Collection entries

....

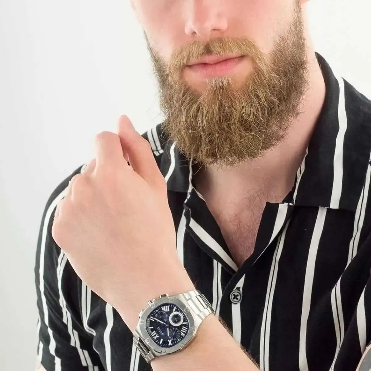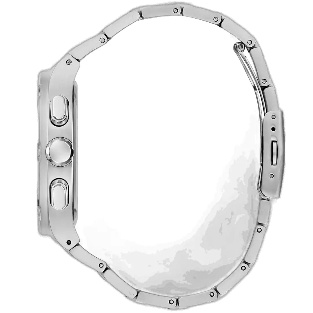 The Guess Headline GW0572G1 comes in the signature rounded 42mm square case that defines the Headline collection, a unique design that skillfully blends modernity with classic lines. The case is meticulously crafted from silver-tone stainless steel (Silver-Tone Stainless Steel), ensuring superior durability and a consistent, brilliant shine. The case is perfectly complemented by a high-quality silver-tone metal strap also made from stainless steel, featuring a mix of polished and brushed links that add a multi-dimensional allure. This metal strap provides enduring stability and comfort, secured by a robust deployment clasp for reliable wear.
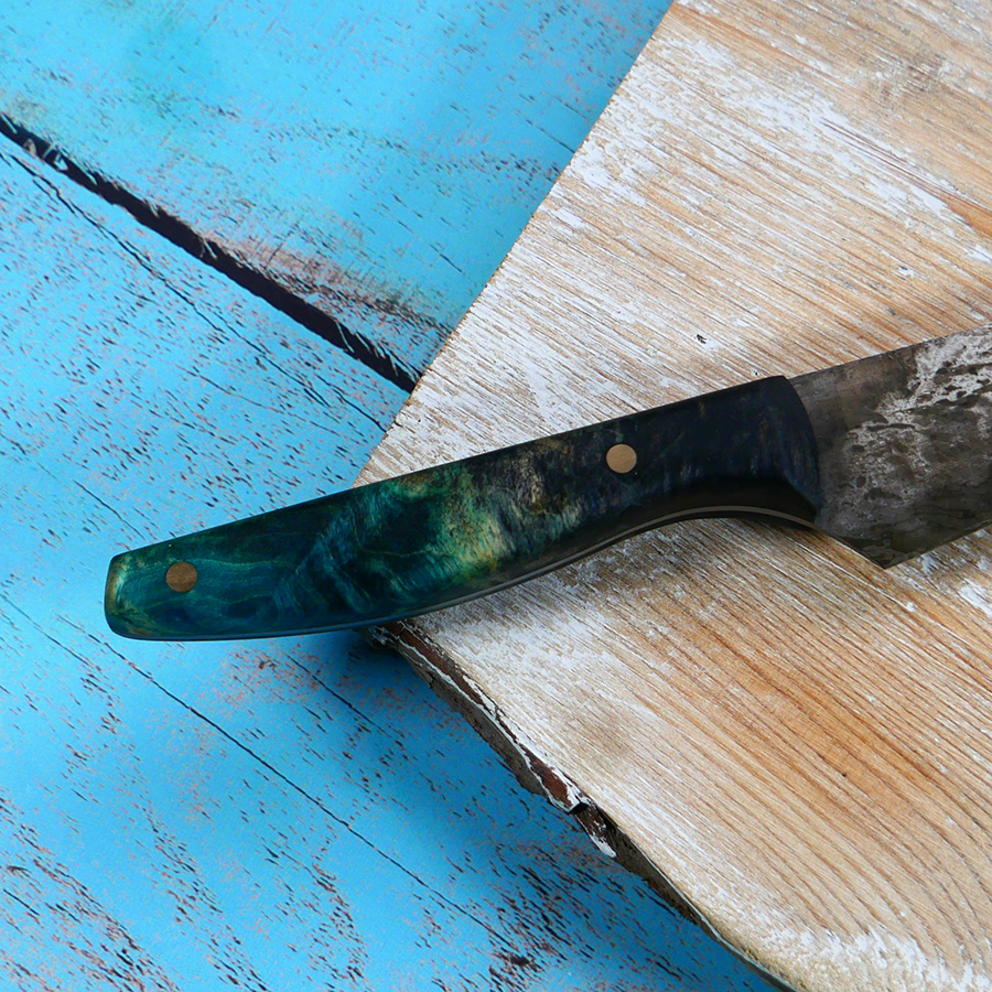 We like to add personality to our knife handles by using a variety of burl and burl woods. We colour them with heat cured coloured stabilising resin which gives them ideal protection in the cooking environment.
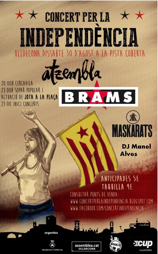 El concert per la independència es realitzarà a Ulldecona el dia 30 d'agost. L'organitzen l'ANC d'Ulldecona, CUP Ulldecona i AMICS.
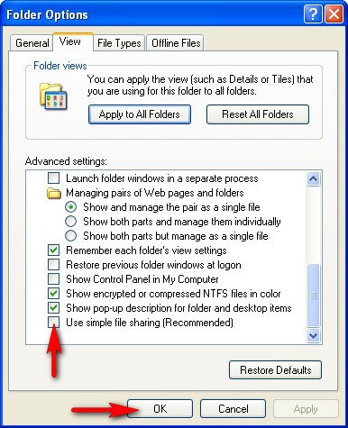 Trong hộp thoại Folder Options, chọn tab View. Dịch chuyển thanh cuộn của Advanced settings xuống cuối cùng và bỏ chọn Use simple file sharing. Sau đó nhấp OK để xác nhận.
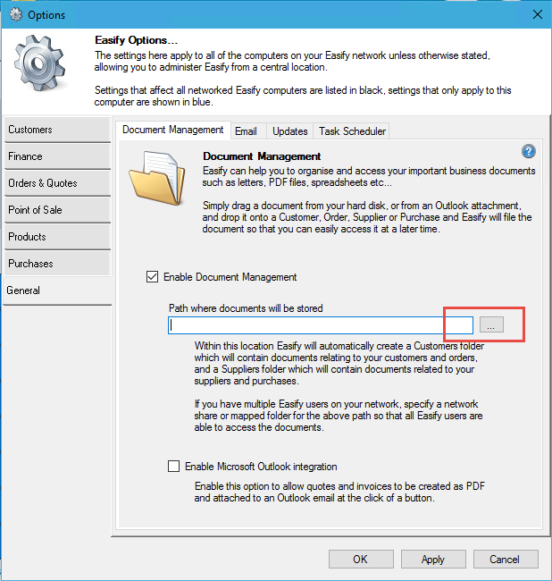 Before you start getting everything setup, remember that the Easify DMS simply stores files in a folder on a Windows based PC or laptop. You configure where this folder is in Easify Options.
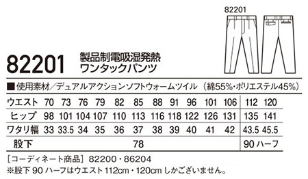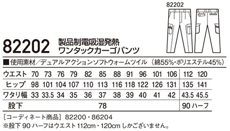 82202/製品制電吸湿発熱ワンタックカーゴパンツ |
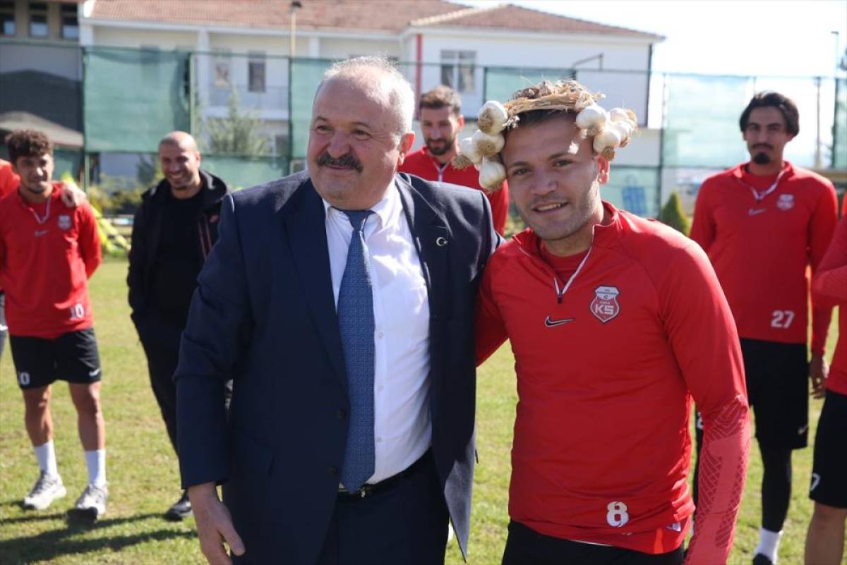 Hafta sonu sahasında oynayacakları İskenderunspor maçı hazırlıklarını sürdüren Kastamonusporlu futbolcularla sohbet eden öğrenciler, sarımsakların saplarından örerek yaptıkları taçları futbolcuların başına taktı.
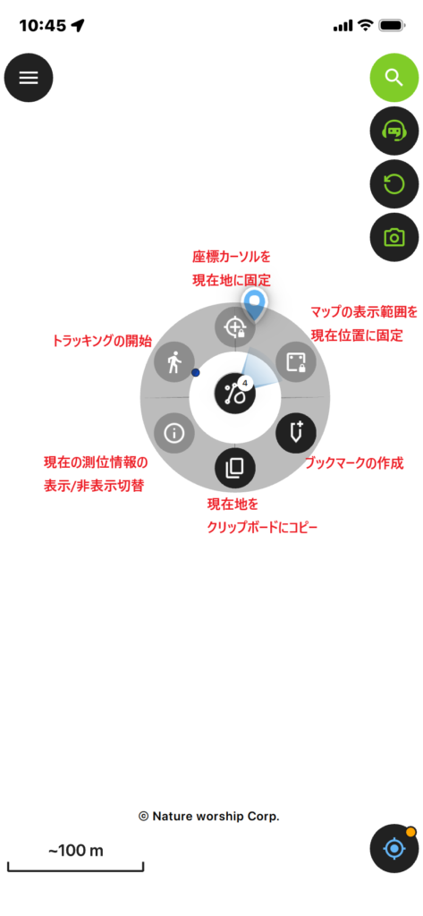 - 現在の測位情報の表示/非表示切替:座標や標高などの情報の表示/非表示を切り替えます。

....

> **TRY IT**:
Retype the lines from the one containing "82202/製品制電吸湿発熱ワンタックカーゴパンツ |" down to the last line of the records, both included, exactly and nothing more. Pictures stay out.

> **EXPECTED ANSWER**:
 82202/製品制電吸湿発熱ワンタックカーゴパンツ |
 Hafta sonu sahasında oynayacakları İskenderunspor maçı hazırlıklarını sürdüren Kastamonusporlu futbolcularla sohbet eden öğrenciler, sarımsakların saplarından örerek yaptıkları taçları futbolcuların başına taktı.
 - 現在の測位情報の表示/非表示切替:座標や標高などの情報の表示/非表示を切り替えます。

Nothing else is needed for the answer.